- **Data**:
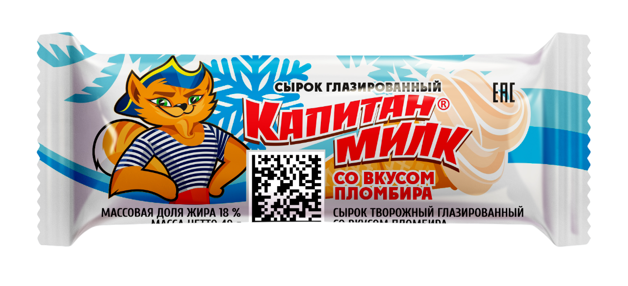 Сырок творожный глазированный Капитан Милк со вкусом пломбира c массовой долей жира 18%, пачка 40г. Продукт изготовлен по ГОСТу. Без заменителей молочного жира. это творожное лакомство из натурального творога с сахаром и сливочным маслом, покрытое плотным слоем кондитерской глазури с какао. Питательный продукт для сытного перекуса или десерт к чаю.
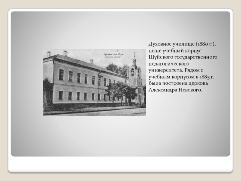 Слайд 13Духовное училище (1880 г.), ныне учебный корпус Шуйского государственного педагогического университета.
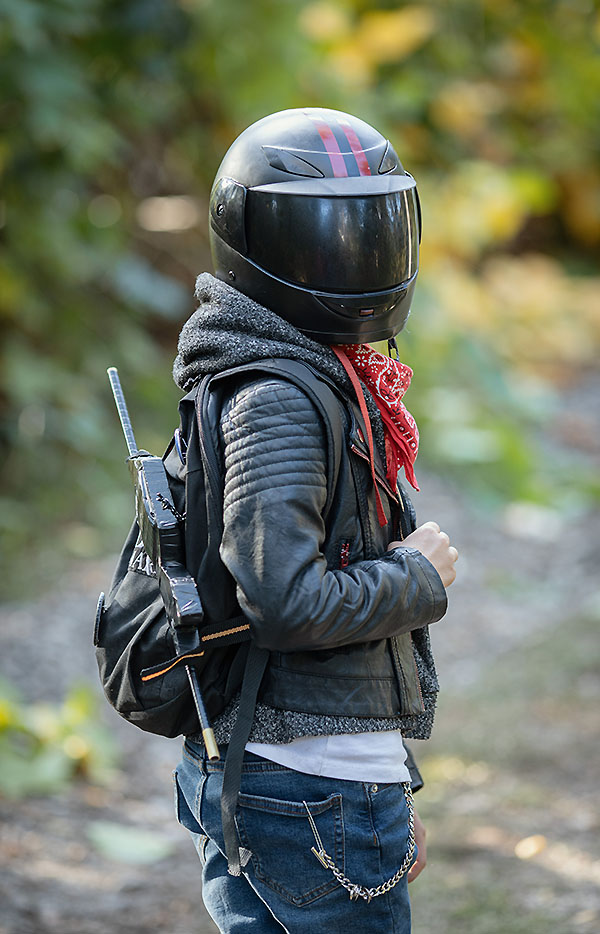 „Байкър“ е разказ за дете, което по цял ден кара колело и не сваля каската си нито за минута. Малчуганът, известен с прякора си Байкър (от англ. biker), живее с майка си и отчаяно се опитва да я убеди да си вземат куче, но тя все отказва. Един ден детето вижда как две момчета измъчват кученце. Успява да спаси животинчето и го скрива в гаража на къщата си. Двамата с кученцето прекарват много време заедно в щастливи игри и се привързват силно един към друг. Момчетата, от които е спасил кучето обаче, търсят отмъщение. Успяват да отвлекат кутрето, като в замяна искат от Байкър неговата каска - много скъп подарък от бащата му, с който никога не се разделя. Въпреки това - размяната е неизбежна, а хулиганите с изненада откриват, че под каската се крие красиво момиченце – Рада. Те все пак ѝ връщат кученцето и си тръгват с каската ѝ. Когато майката на Рада вижда, че дъщеря ѝ е без каска, се умилява и приеме кучето в дома им. Във финалната сцена става ясно, че бащата на Рада е починал, а тя е носела каската като бягство от света. Рада кръщава кучето Рокет, а новият ѝ най-добър приятел връща вярата ѝ в живота.
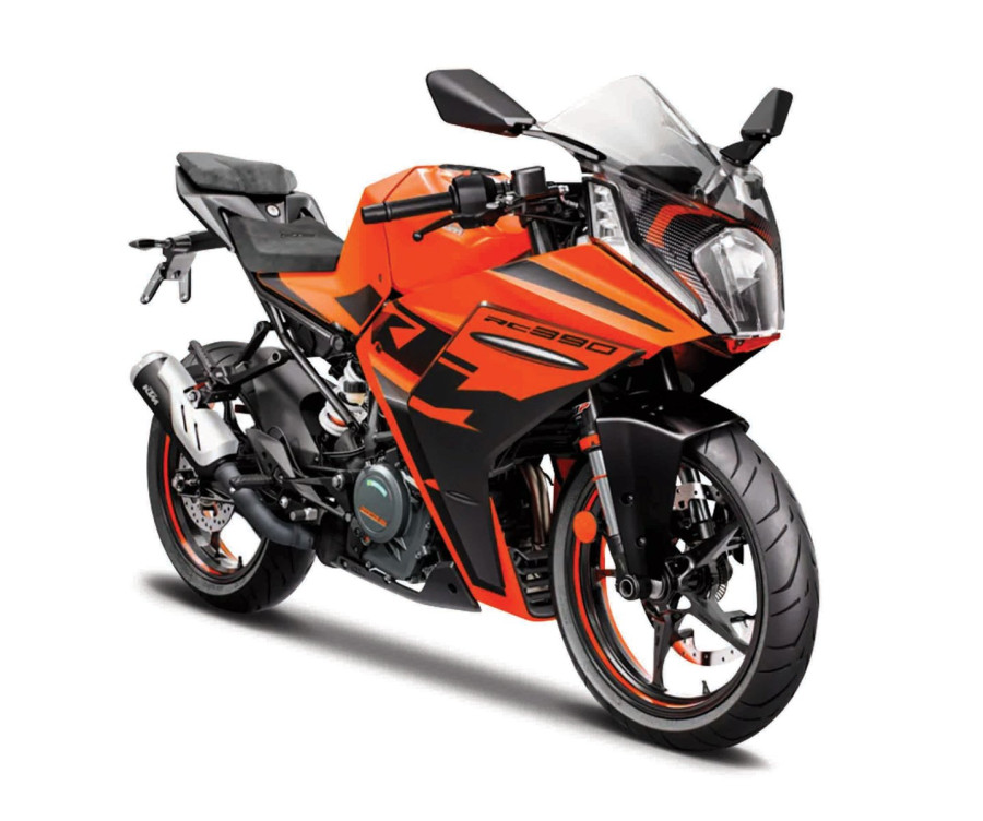 Model motorky KTM RC 390 má odpruženou zadní vidlici.

- **What you need to do**:
Word for word, write out the lines above running from the one with "Слайд 13Духовное училище" up to and including the one with "ѝ в живота.". Drop any picture.

- **Expected output**:
 Слайд 13Духовное училище (1880 г.), ныне учебный корпус Шуйского государственного педагогического университета.
 „Байкър“ е разказ за дете, което по цял ден кара колело и не сваля каската си нито за минута. Малчуганът, известен с прякора си Байкър (от англ. biker), живее с майка си и отчаяно се опитва да я убеди да си вземат куче, но тя все отказва. Един ден детето вижда как две момчета измъчват кученце. Успява да спаси животинчето и го скрива в гаража на къщата си. Двамата с кученцето прекарват много време заедно в щастливи игри и се привързват силно един към друг. Момчетата, от които е спасил кучето обаче, търсят отмъщение. Успяват да отвлекат кутрето, като в замяна искат от Байкър неговата каска - много скъп подарък от бащата му, с който никога не се разделя. Въпреки това - размяната е неизбежна, а хулиганите с изненада откриват, че под каската се крие красиво момиченце – Рада. Те все пак ѝ връщат кученцето и си тръгват с каската ѝ. Когато майката на Рада вижда, че дъщеря ѝ е без каска, се умилява и приеме кучето в дома им. Във финалната сцена става ясно, че бащата на Рада е починал, а тя е носела каската като бягство от света. Рада кръщава кучето Рокет, а новият ѝ най-добър приятел връща вярата ѝ в живота.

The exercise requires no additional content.